(Beginning of Provided records)
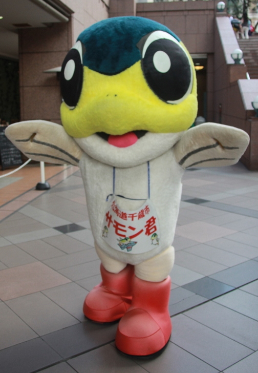 | 道の駅サーモンパーク千歳内の「サケのふるさと千歳水族館」マスコットキャラクター。 鮭の稚魚がモチーフで性別はオス。 |
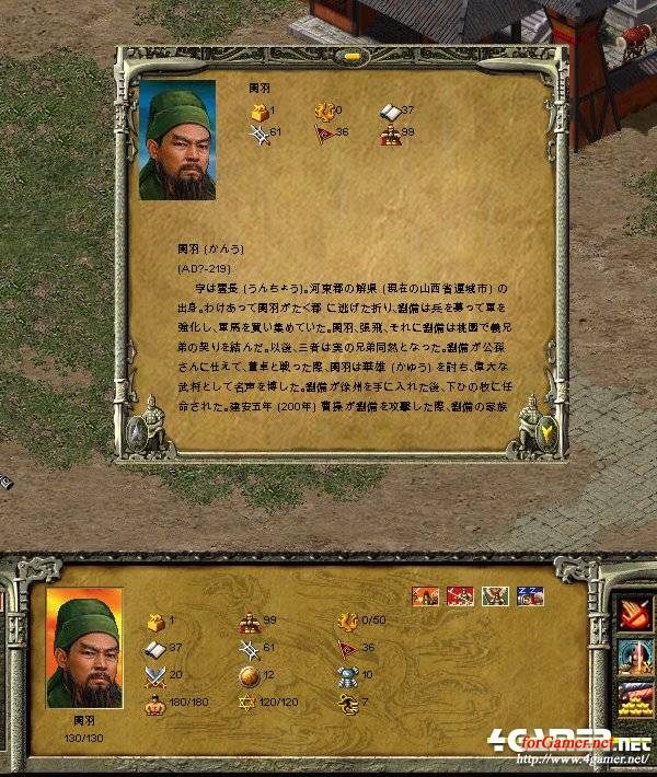 ご存じ「関羽」。このゲームでは,武将一人ひとりに説明文が用意されているのだ。読んで楽しむのもまた一興
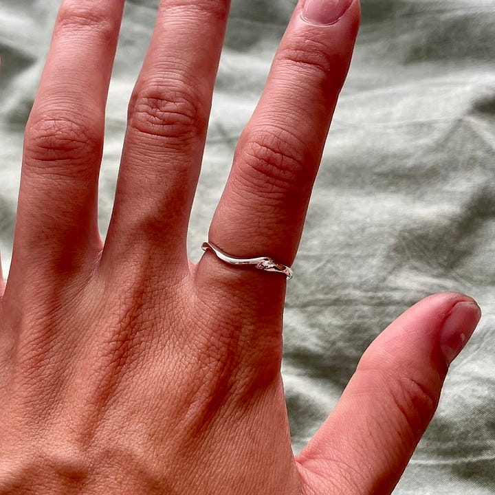 From the start, my goal was to sculpt delicate bands that could be stacked together or worn alone. The inspiration came from the river near my home, where currents often run side by side yet twist in opposite directions. By pairing two minimalist bands, I hoped to subtly suggest water flowing around stones.
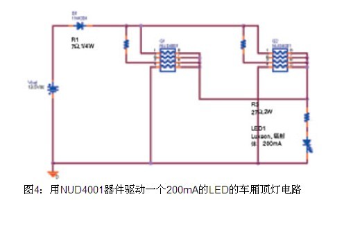 NUD4001提供了一種滿(mǎn)足汽車(chē)應(yīng)用的低成本解決方案。與采用線(xiàn)性或開(kāi)關(guān)穩(wěn)壓器相比,它的設(shè)計(jì)更簡(jiǎn)便,可以構(gòu)成更簡(jiǎn)單而且成本更低的電路,見(jiàn)圖4。
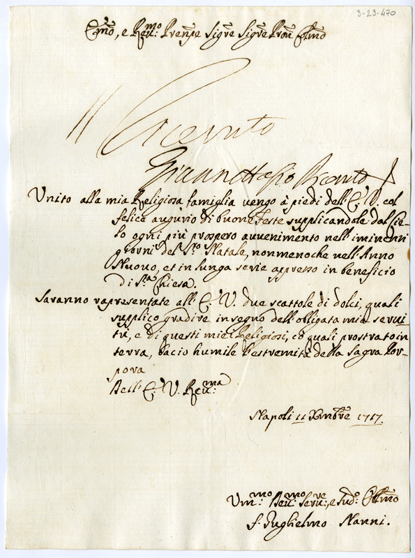 Lettera di fra Guglielmo Nanni al cardinale Annibale Albani (1717 dicembre 1)
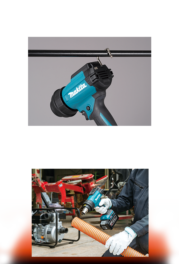 La pistola de calor inalámbrica XGT® 40Vmax ofrece un rendimiento comparable al de los modelos con cable, ideal para aplicaciones exigentes que requieren alta temperatura y gran caudal de aire. Con hasta 600 °C y 200 l/min, garantiza resultados rápidos y eficaces en trabajos como soldadura de láminas impermeables, retracción de tubos de alta resistencia o manipulación de cables de gran diámetro.
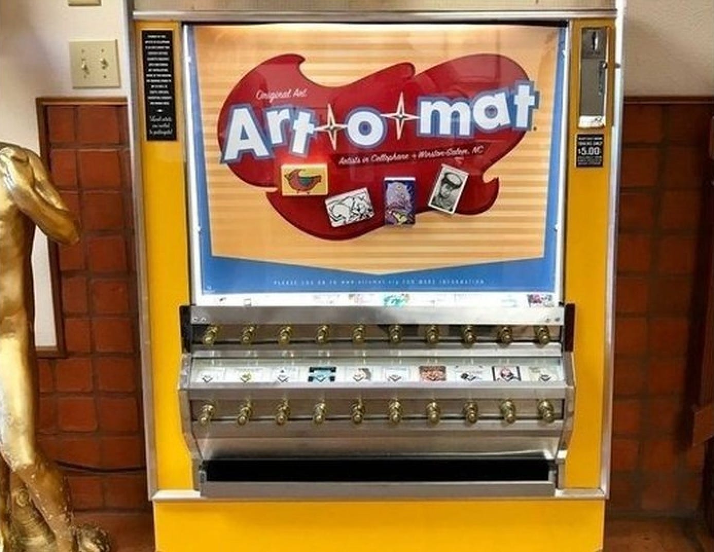 Old cigarette vending machines are increasingly being repurposed to sell art (as shown above). The excellently named trade magazine Vending Times has the details, and you can do a deeper dive at ArtOmat.org.
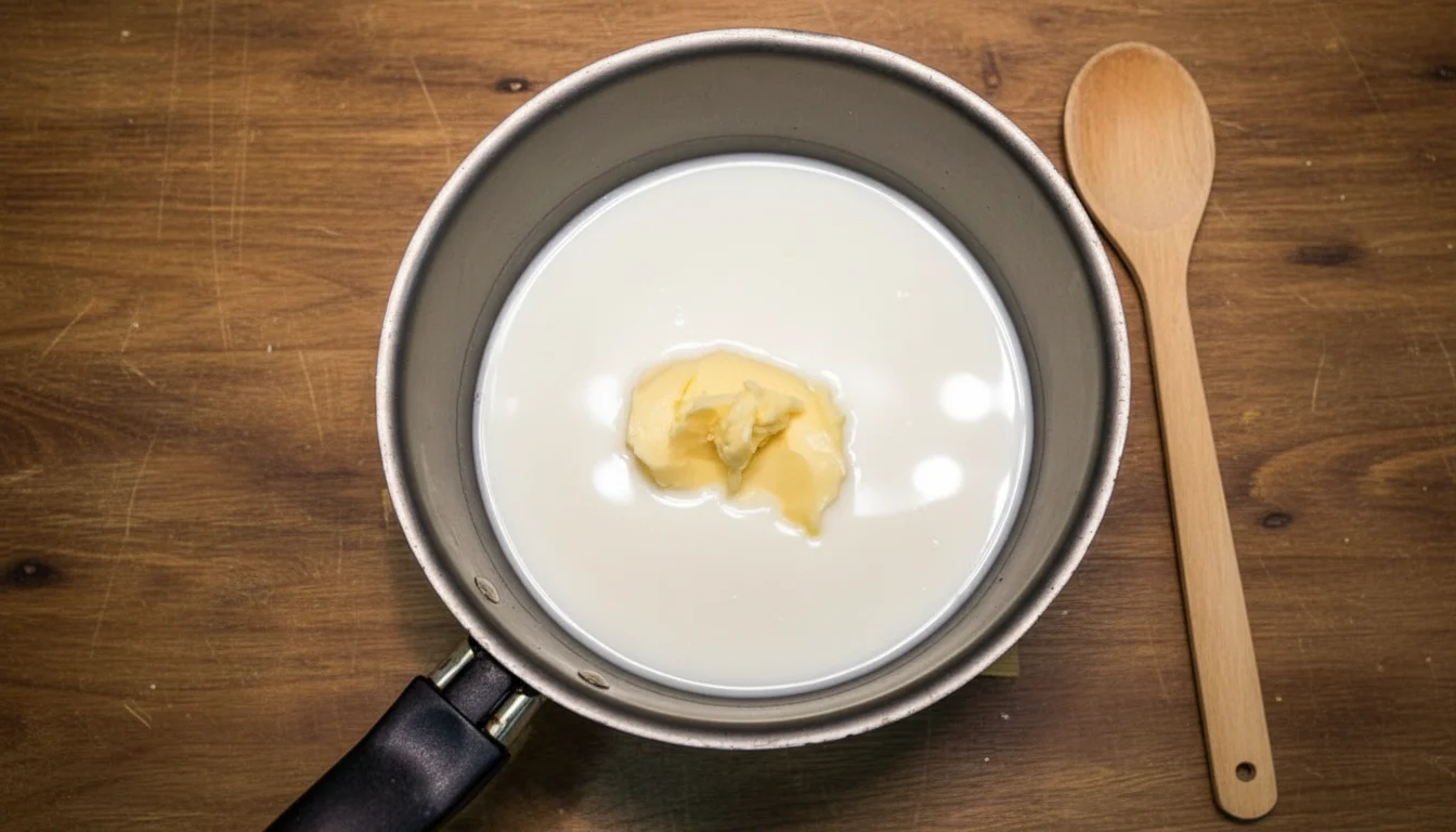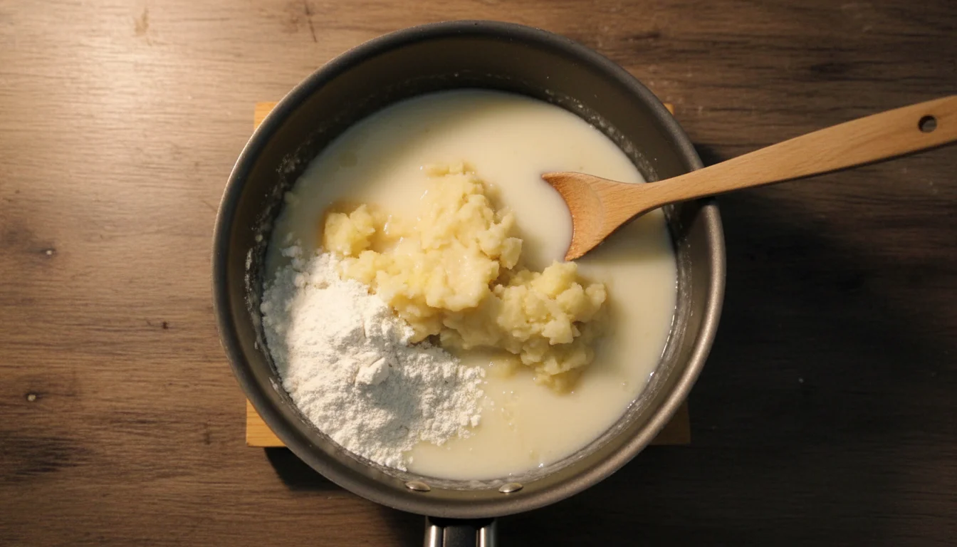 - Em uma panela, adicione a água, o leite, o açúcar, o sal e a manteiga. Aqueça até ferver e retire do fogo;
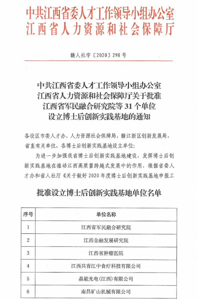 南昌礦機(jī)獲批設(shè)立省級(jí)博士后創(chuàng)新實(shí)踐基地
(End of Provided records)
Task directions: Drop the images, then copy the data exactly.

Solved exercise:
 | 道の駅サーモンパーク千歳内の「サケのふるさと千歳水族館」マスコットキャラクター。 鮭の稚魚がモチーフで性別はオス。 |
 ご存じ「関羽」。このゲームでは,武将一人ひとりに説明文が用意されているのだ。読んで楽しむのもまた一興
 From the start, my goal was to sculpt delicate bands that could be stacked together or worn alone. The inspiration came from the river near my home, where currents often run side by side yet twist in opposite directions. By pairing two minimalist bands, I hoped to subtly suggest water flowing around stones.
 NUD4001提供了一種滿(mǎn)足汽車(chē)應(yīng)用的低成本解決方案。與采用線(xiàn)性或開(kāi)關(guān)穩(wěn)壓器相比,它的設(shè)計(jì)更簡(jiǎn)便,可以構(gòu)成更簡(jiǎn)單而且成本更低的電路,見(jiàn)圖4。
 Lettera di fra Guglielmo Nanni al cardinale Annibale Albani (1717 dicembre 1)
 La pistola de calor inalámbrica XGT® 40Vmax ofrece un rendimiento comparable al de los modelos con cable, ideal para aplicaciones exigentes que requieren alta temperatura y gran caudal de aire. Con hasta 600 °C y 200 l/min, garantiza resultados rápidos y eficaces en trabajos como soldadura de láminas impermeables, retracción de tubos de alta resistencia o manipulación de cables de gran diámetro.
 Old cigarette vending machines are increasingly being repurposed to sell art (as shown above). The excellently named trade magazine Vending Times has the details, and you can do a deeper dive at ArtOmat.org.
 - Em uma panela, adicione a água, o leite, o açúcar, o sal e a manteiga. Aqueça até ferver e retire do fogo;
 南昌礦機(jī)獲批設(shè)立省級(jí)博士后創(chuàng)新實(shí)踐基地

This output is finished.